Atlanta-based institutions have recently received specialized training to better prepare Historically Black colleges and Universities (HBCUs) to respond to bomb threats.

The response training was led by a collaborative effort between the Cybersecurity & Infrastructure Security Agency (CISA), a federal agency within the Department of Homeland Security, and the Atlanta University Center Consortium (AUCC). It was focused on providing Atlanta’s HBCUsMorehouse, Spelman and Clark Atlanta—and local law enforcement agencies with new security tools.

“We needed to make sure that we secure all of our campuses and deal with the stress and the anxiety that these kinds of things raise in our communities,” AUCC Executive Director Michael Hodge said of the training. “These things are historical in Black communities, and it’s important we deal with them head-on.”

While the training was centered on Atlanta-based officials and HBCUs, it was “open to school administrators and law enforcement from dozens of schools across the country.”

This training comes after HBCUs all over the country were hit with a wave of bomb threats, as Blavity previously reported. The threats started right around Black History Month, and several institutions, including Howard, Delaware State, Spelman and Jackson State, received unsubstantiated threats. The threats continued throughout February and beyond, as Morehouse received a threat just last week.

The FBI recently identified 6 juvenile suspects in the racially motivated matter, and the Department of Education also freshly announced a federal grant program to help support impacted HBCUs.
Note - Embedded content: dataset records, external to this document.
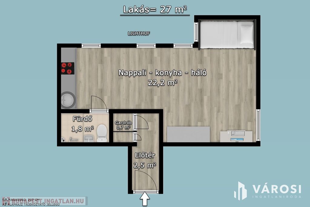 Egy előszobából lépünk a nagyméretű szobába, ami a nappali - konyha -háló funkciót látja el, valamint egy zuhanyzós fürdőszobát találunk még itt.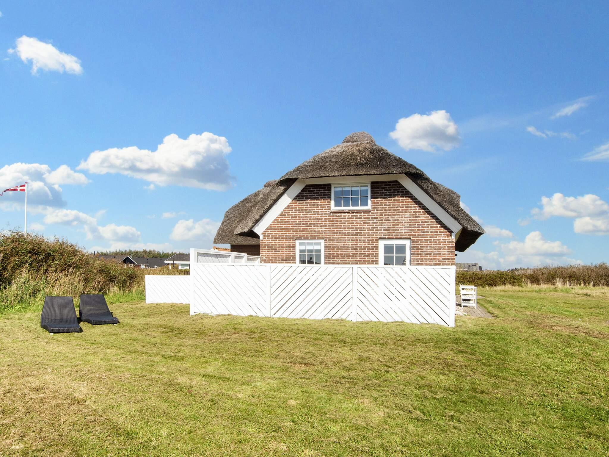 Nur ca. 300 m von dem breiten Nordseestrand entfernt liegt dieses gepflegte, 119 m² große und reetgedeckte Ferienhaus auf einem 2800 m² großen Naturgrundstück. Aufgrund der Einrichtung eignet sich das Haus auch für zwei oder mehrere Familien, denn es gibt insgesamt vier Schlafzimmer, zwei Badezimmer (eins mit Whirlpool und Sauna), eine Küche mit Geschirrspüler, ein verwinkeltes Wohnzimmer mit Holzofen, Stereoanlage, Fernseher mit SAT-Empfang, und direktem Zugang zu der geschlossenen Terrasse. Als zusätzliche Wärmequelle wurde eine Wärmepumpe installiert.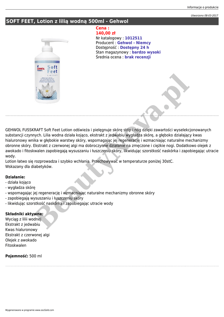 Informacje o produkcie Utworzono 08-03-2017 SOFT FEET, Lotion z lilią wodną 500ml - Gehwol Cena : 140,00 zł ov a. pl Nr katalogowy : 1012511 Producent : Gehwol - Niemcy Dostępność : Dostępny 24 h Stan magazynowy : bardzo wysoki Średnia ocena : brak recenzji ut yN GEHWOL FUSSKRAFT Soft Feet Lotion odświeża i pielęgnuje skórę stóp i nóg dzięki zawartości wyselekcjonowanych substancji czynnych. Lilia wodna działa kojąco, ekstrakt z jedwabiu wygładza skórę, a głęboko działający kwas hialuronowy wnika w głębokie warstwy skóry, wspomagając jej regenerację i wzmacniając naturalne mechanizmy obronne skóry. Ekstrakt z czerwonej algi ma dobroczynne działanie na zmęczone i ciężkie nogi. Dodatkowo olejek z awokado i fitoskwalen zapobiegają wysuszaniu i łuszczeniu skóry, likwidując szorstkość naskórka i zapobiegając utracie wody. Lotion łatwo się rozprowadza i szybko wchłania. Przechowywać w temperaturze poniżej 30stC. Wskazany dla diabetyków. ea Działanie: - działa kojąco - wygładza skórę - wspomagając jej regenerację i wzmacniając naturalne mechanizmy obronne skóry - zapobiegają wysuszaniu i łuszczeniu skóry - likwidując szorstkość naskórka i zapobiegając utracie wody B Składniki aktywne: Wyciąg z lilii wodnej Ekstrakt z jedwabiu Kwas hialuronowy Ekstrakt z czerwonej algi Olejek z awokado Fitoskwalen Pojemność: 500 ml Wygenerowano w programie www.oscGold.com
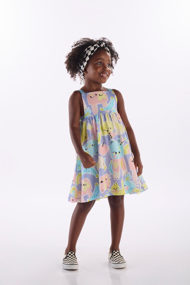 Confeccionado em tecido de algodão com viscose, este vestido infantil da Três e Já oferece o máximo de frescor e conforto para acompanhar a liberdade de movimento das pequenas. Ele exibe uma vibrante estampa digital colorida, repleta de elementos divertidos, alças com elástico personalizado e detalhes franzidos na frente e nas costas. Com sua modelagem ampla e caimento soltinho, é uma peça alegre, prática e ideal para o verão, proporcionando estilo e bem-estar em momentos especiais.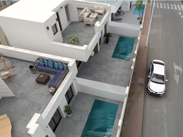 NEUBAU – Halb-freistehende Villen mit privatem Pool in San Pedro del Pinatar Dieser exklusive Neubau umfasst insgesamt 8 moderne Einfamilienhäuser und Doppelhaushälften, alle mit privatem Pool, Terra...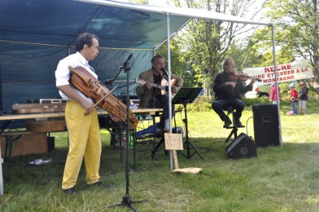 guitare, Jean-Claude au violon et Mickaël et son drôle d’instrument
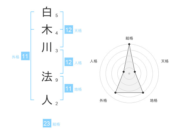 白木川 法人さんの総格は23画の5点!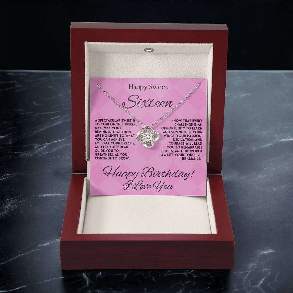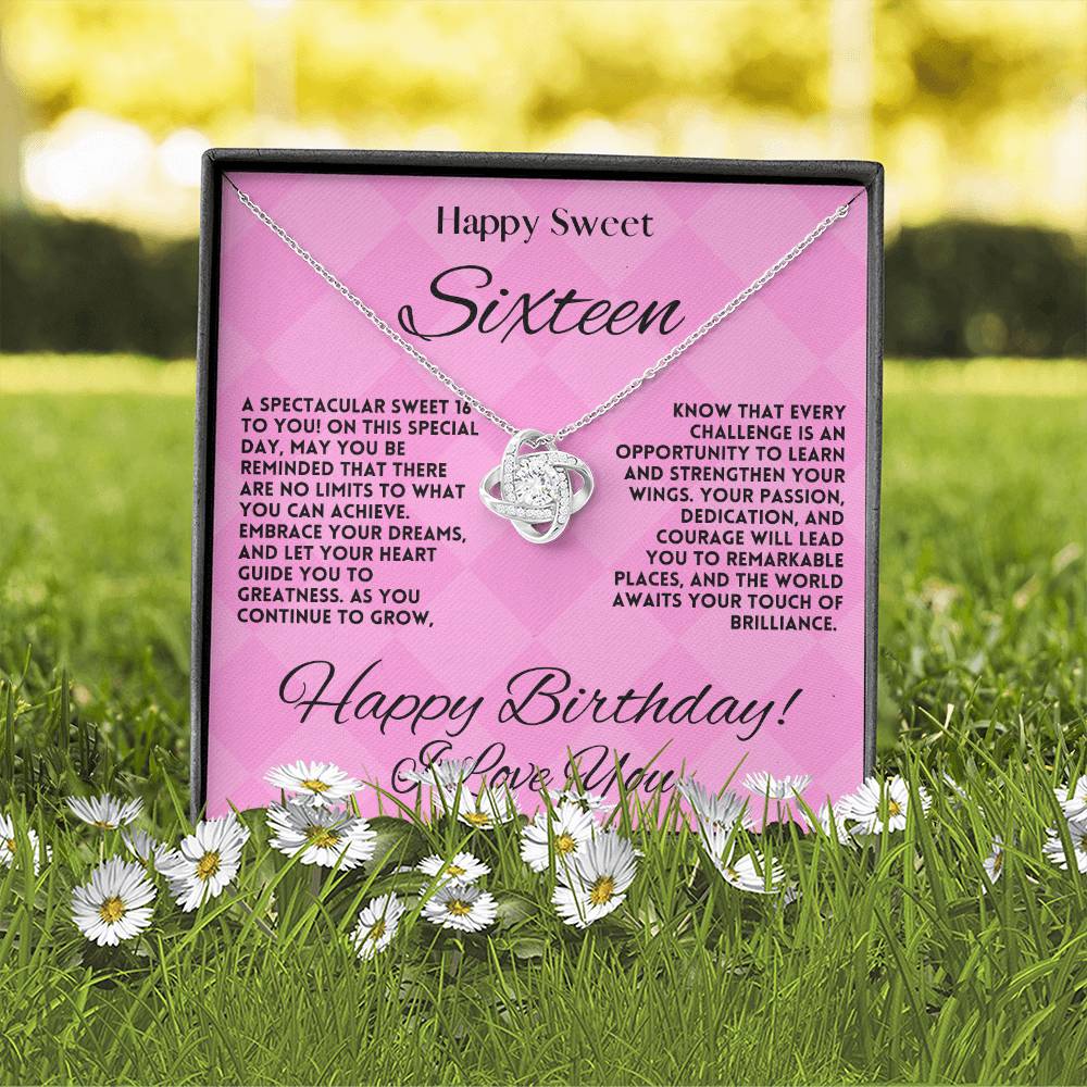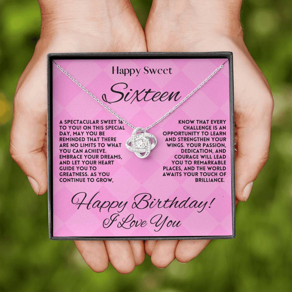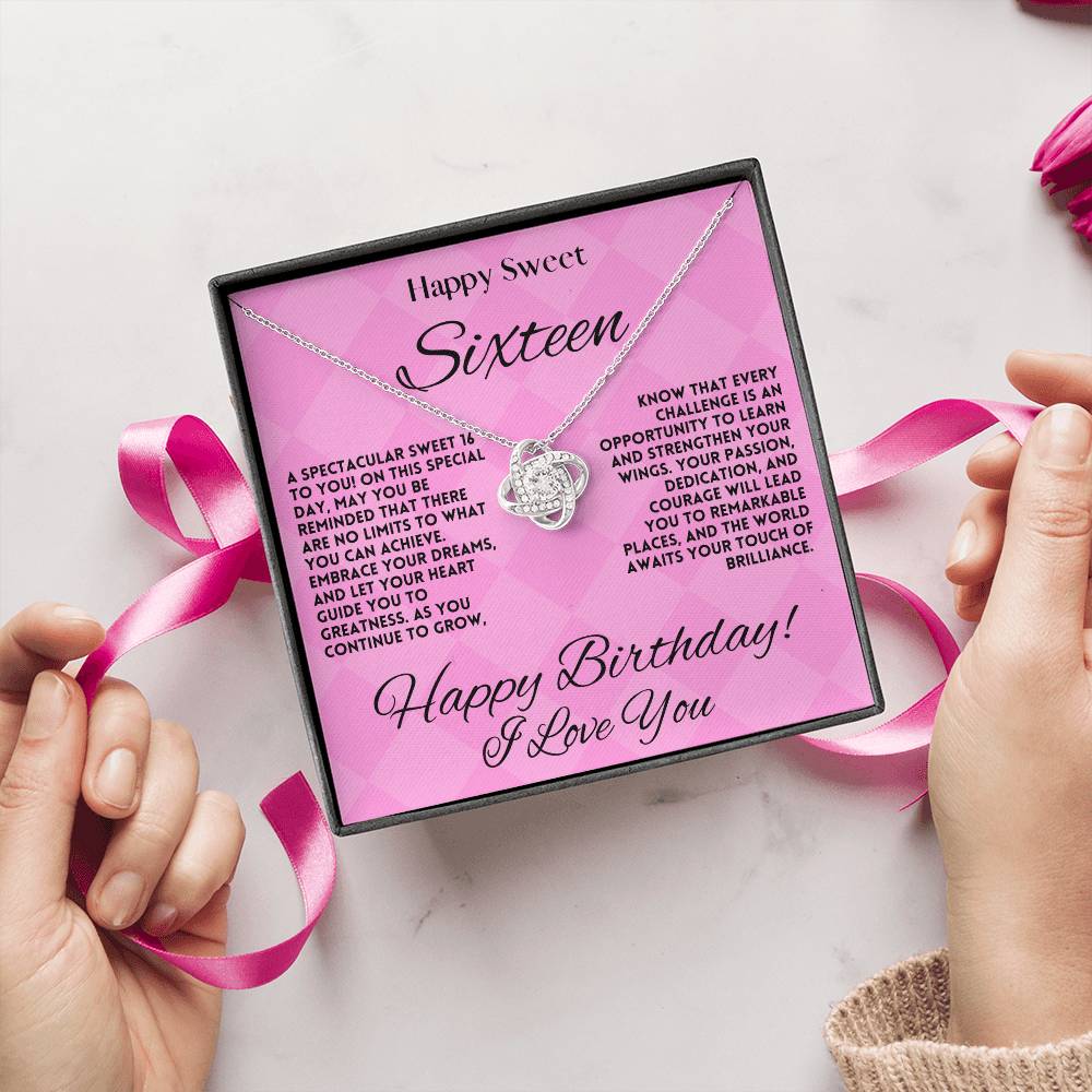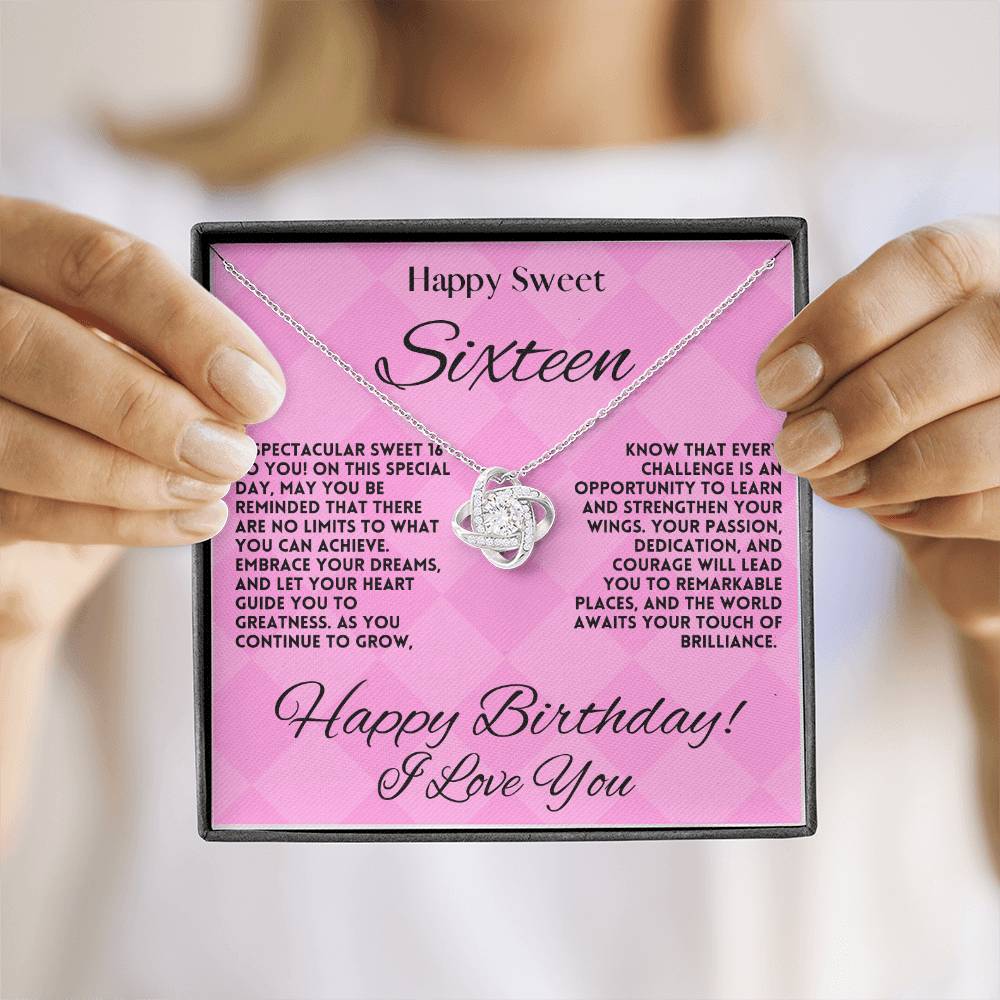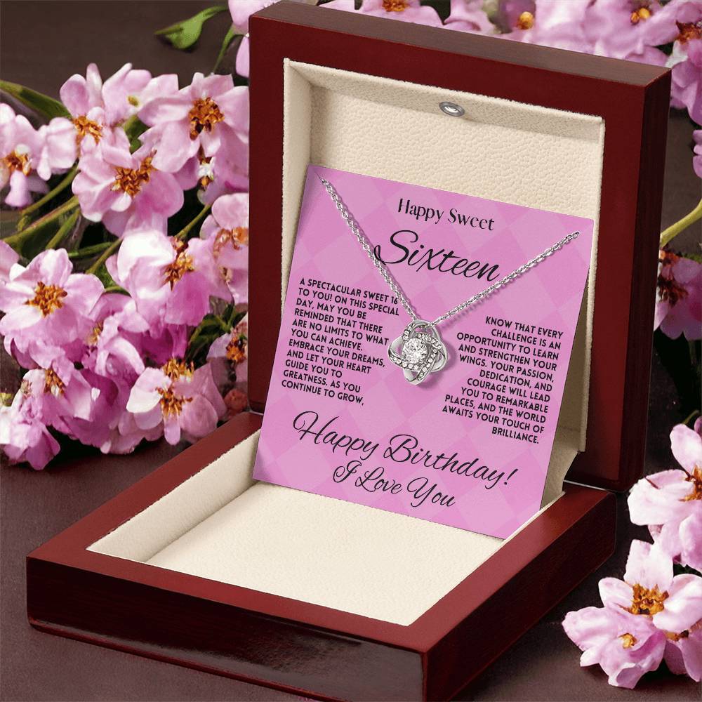 This one-of-a-kind Happy Sweet 16 Birthday Jewelry Necklace Gift For My Daughter is the perfect way to commemorate this momentous day. The unique love knot pendant is specially crafted with sterling silver and its message card and gift box will provide a beautiful reminder of parents' love and support. Make this special day even more meaningful and show your daughter how much she means to you.
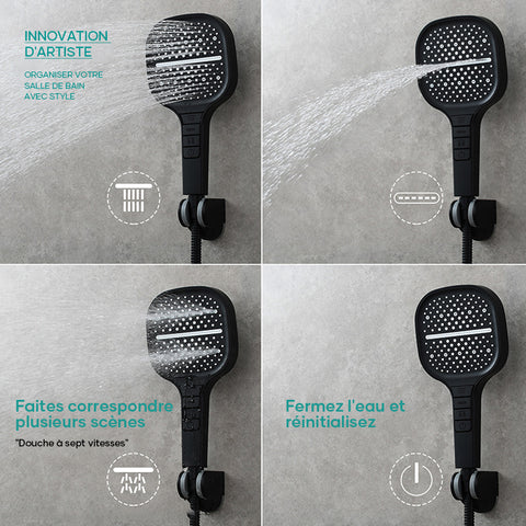 Y compris : Massage, Saturation, Brumisateur, Pause, etc., vous ne pouvez pas tous les utiliser, mais vous les avez sans frais supplémentaires. 7 fonctions différentes puissantes et une expérience de douche choquante.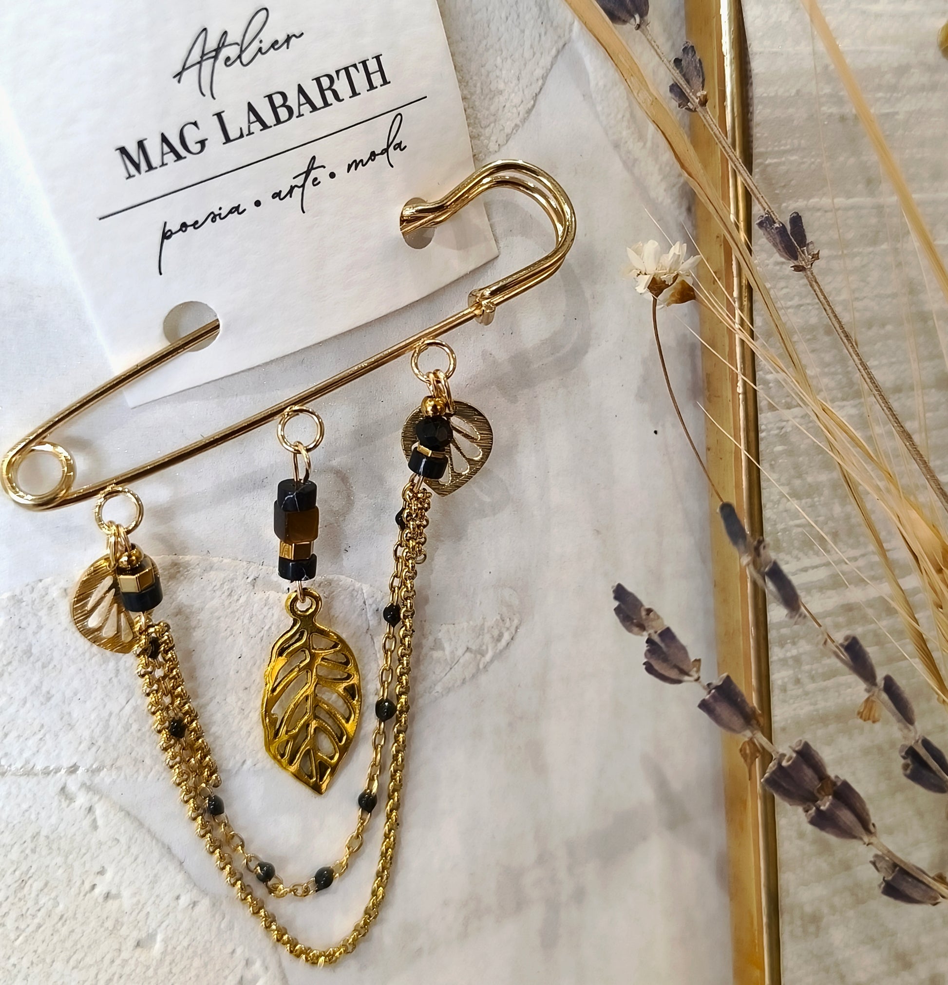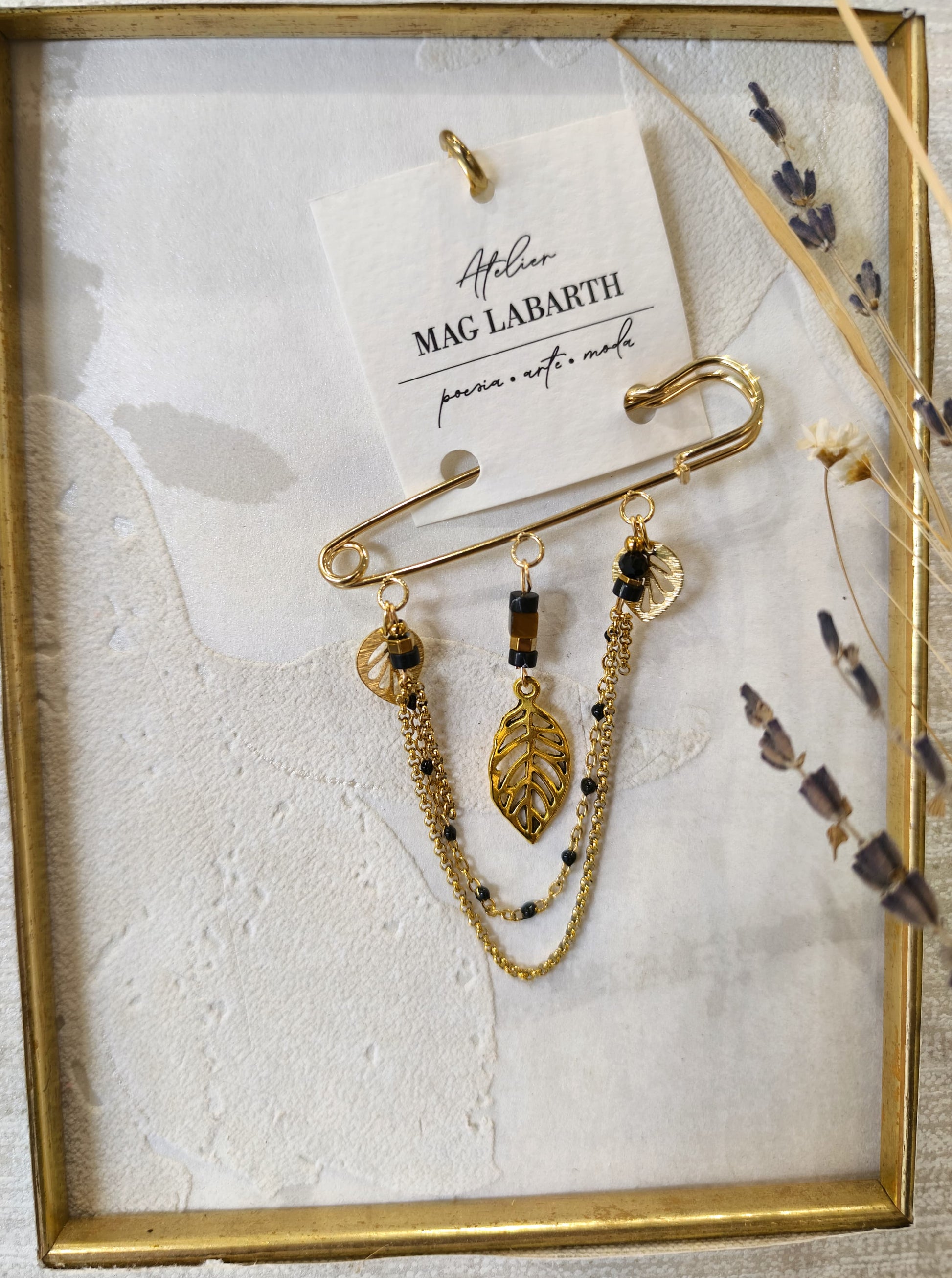 Realizzata su una base a spilla da balia dorata, è impreziosita con pietre dure, catene e ciondoli a forma di piuma
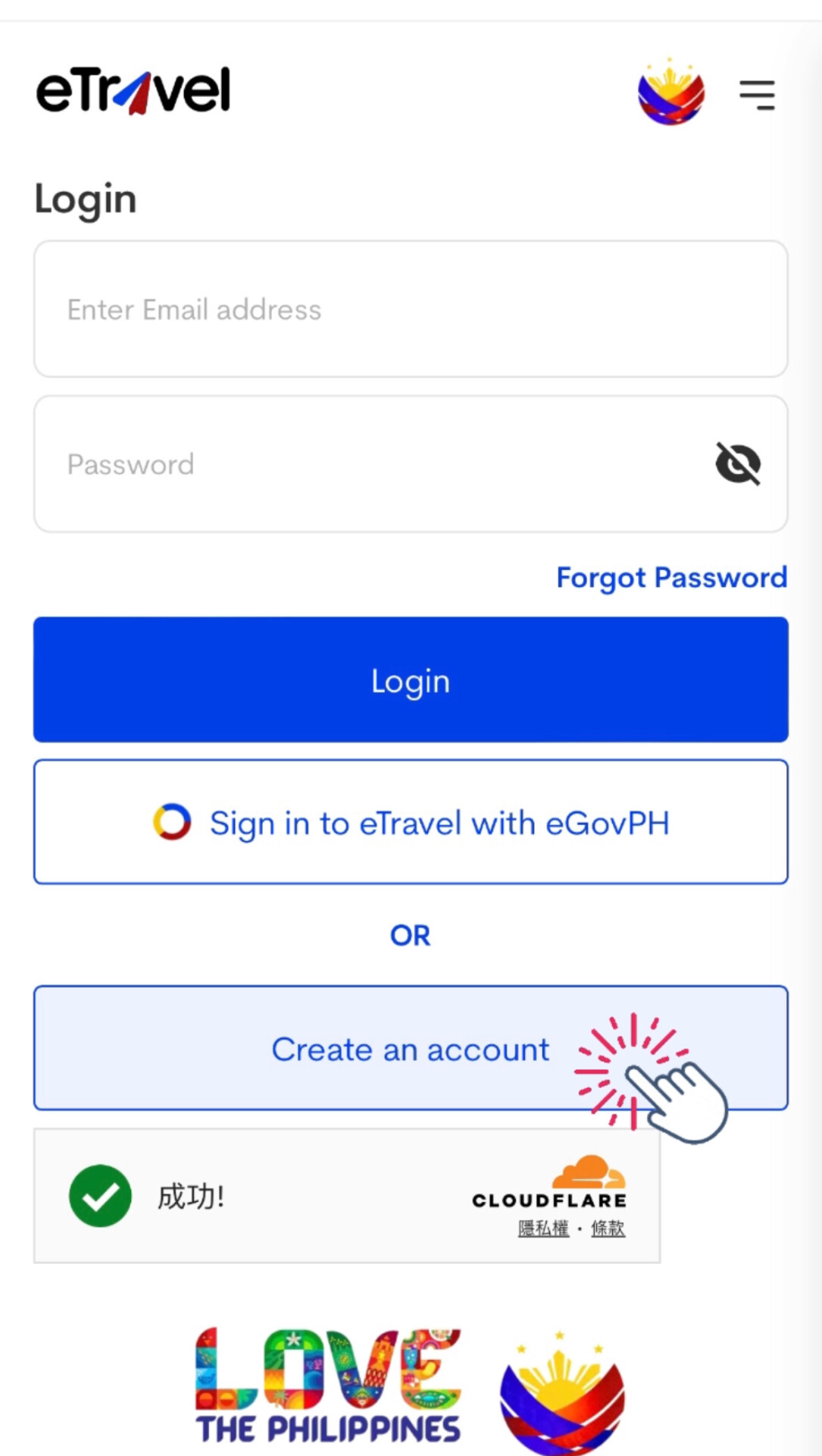 2.點選”Create an account”創建eTravel帳號

“The recent bomb threats experienced by HBCUs have shaken students and fractured their sense of safety and belonging, which are critical to their academic success and well-being,” U.S. Secretary of Education Miguel Cardona said. “We, at the Department of Education, recognize how these threats evoke a painful history of violence against Black Americans in this country that is especially traumatizing to HBCU students, faculty and staff.”